Leave the pictures behind and repeat all the entries exactly.

[Input]

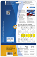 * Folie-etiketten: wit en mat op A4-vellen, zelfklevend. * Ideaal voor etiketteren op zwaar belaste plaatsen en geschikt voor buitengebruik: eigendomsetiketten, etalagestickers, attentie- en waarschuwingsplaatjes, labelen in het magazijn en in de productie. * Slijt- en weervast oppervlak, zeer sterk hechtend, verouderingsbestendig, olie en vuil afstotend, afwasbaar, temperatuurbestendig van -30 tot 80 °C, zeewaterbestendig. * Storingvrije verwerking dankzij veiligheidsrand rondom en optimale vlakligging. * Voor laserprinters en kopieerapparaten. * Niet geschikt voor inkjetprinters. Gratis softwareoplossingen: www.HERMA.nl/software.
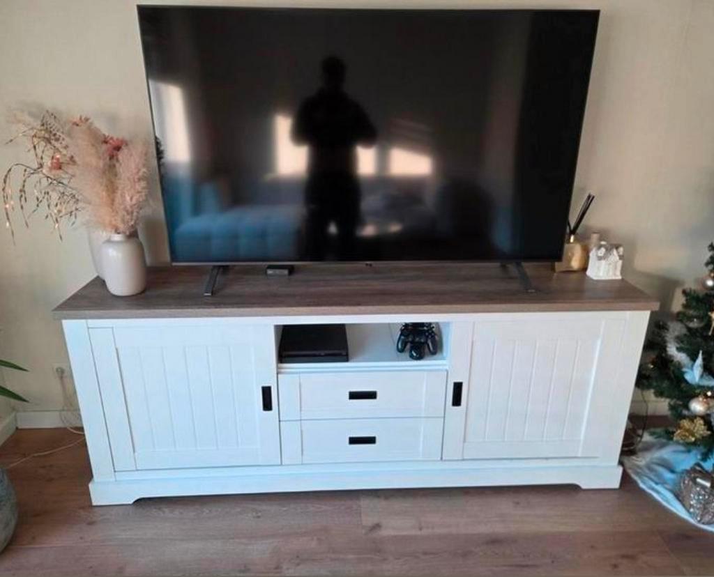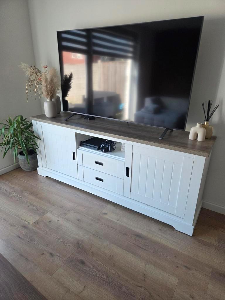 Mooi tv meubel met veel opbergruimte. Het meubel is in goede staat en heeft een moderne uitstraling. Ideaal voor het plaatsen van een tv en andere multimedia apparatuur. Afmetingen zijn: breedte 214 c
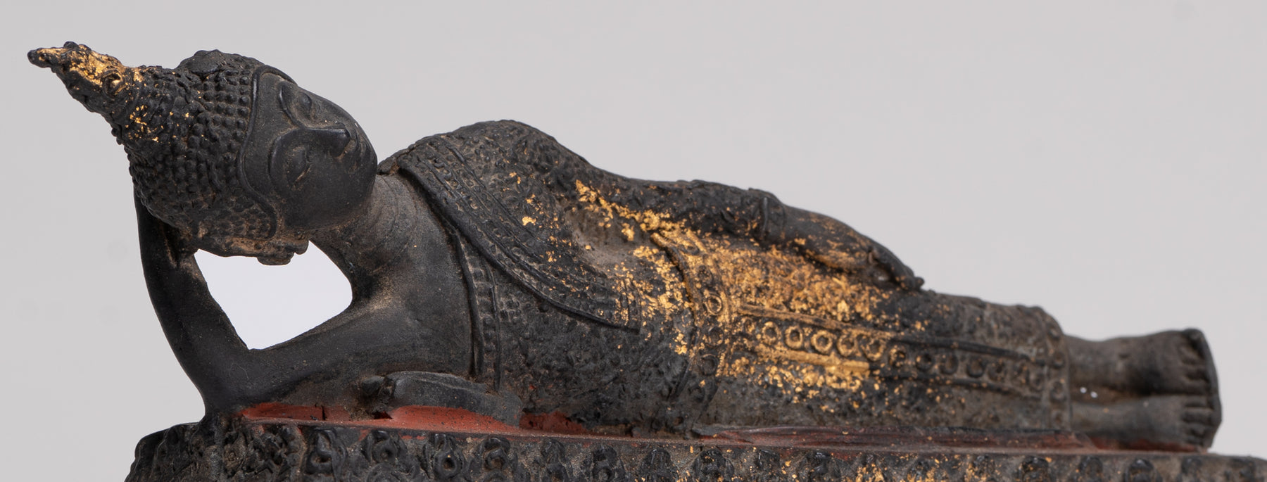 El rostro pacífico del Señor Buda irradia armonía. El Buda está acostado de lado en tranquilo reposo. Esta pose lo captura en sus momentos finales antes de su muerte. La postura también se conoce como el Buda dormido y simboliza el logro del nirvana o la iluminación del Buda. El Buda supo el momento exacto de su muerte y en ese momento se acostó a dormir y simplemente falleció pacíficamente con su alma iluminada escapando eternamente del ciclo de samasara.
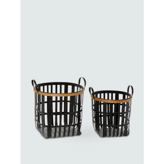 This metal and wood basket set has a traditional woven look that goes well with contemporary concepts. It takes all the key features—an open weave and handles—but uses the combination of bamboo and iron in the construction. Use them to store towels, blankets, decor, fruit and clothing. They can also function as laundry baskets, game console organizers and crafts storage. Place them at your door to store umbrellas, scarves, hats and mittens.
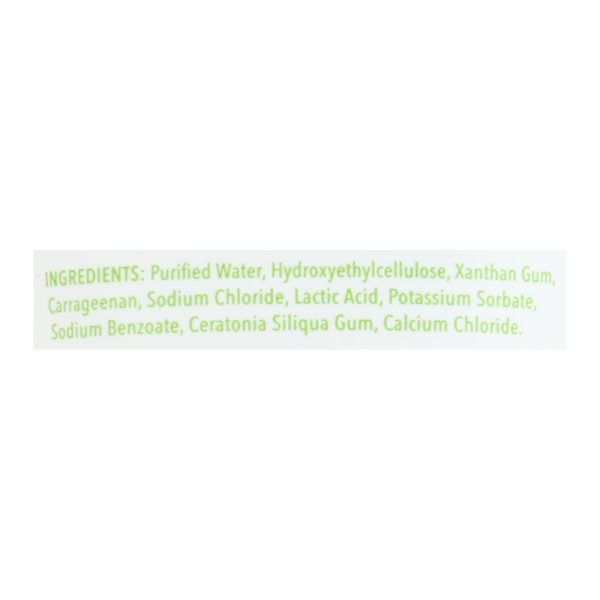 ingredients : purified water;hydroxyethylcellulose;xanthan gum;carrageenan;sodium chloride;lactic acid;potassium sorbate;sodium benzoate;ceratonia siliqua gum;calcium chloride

[/Input]

Problem solution:
 * Folie-etiketten: wit en mat op A4-vellen, zelfklevend. * Ideaal voor etiketteren op zwaar belaste plaatsen en geschikt voor buitengebruik: eigendomsetiketten, etalagestickers, attentie- en waarschuwingsplaatjes, labelen in het magazijn en in de productie. * Slijt- en weervast oppervlak, zeer sterk hechtend, verouderingsbestendig, olie en vuil afstotend, afwasbaar, temperatuurbestendig van -30 tot 80 °C, zeewaterbestendig. * Storingvrije verwerking dankzij veiligheidsrand rondom en optimale vlakligging. * Voor laserprinters en kopieerapparaten. * Niet geschikt voor inkjetprinters. Gratis softwareoplossingen: www.HERMA.nl/software.
 Mooi tv meubel met veel opbergruimte. Het meubel is in goede staat en heeft een moderne uitstraling. Ideaal voor het plaatsen van een tv en andere multimedia apparatuur. Afmetingen zijn: breedte 214 c
 El rostro pacífico del Señor Buda irradia armonía. El Buda está acostado de lado en tranquilo reposo. Esta pose lo captura en sus momentos finales antes de su muerte. La postura también se conoce como el Buda dormido y simboliza el logro del nirvana o la iluminación del Buda. El Buda supo el momento exacto de su muerte y en ese momento se acostó a dormir y simplemente falleció pacíficamente con su alma iluminada escapando eternamente del ciclo de samasara.
 This metal and wood basket set has a traditional woven look that goes well with contemporary concepts. It takes all the key features—an open weave and handles—but uses the combination of bamboo and iron in the construction. Use them to store towels, blankets, decor, fruit and clothing. They can also function as laundry baskets, game console organizers and crafts storage. Place them at your door to store umbrellas, scarves, hats and mittens.
 ingredients : purified water;hydroxyethylcellulose;xanthan gum;carrageenan;sodium chloride;lactic acid;potassium sorbate;sodium benzoate;ceratonia siliqua gum;calcium chloride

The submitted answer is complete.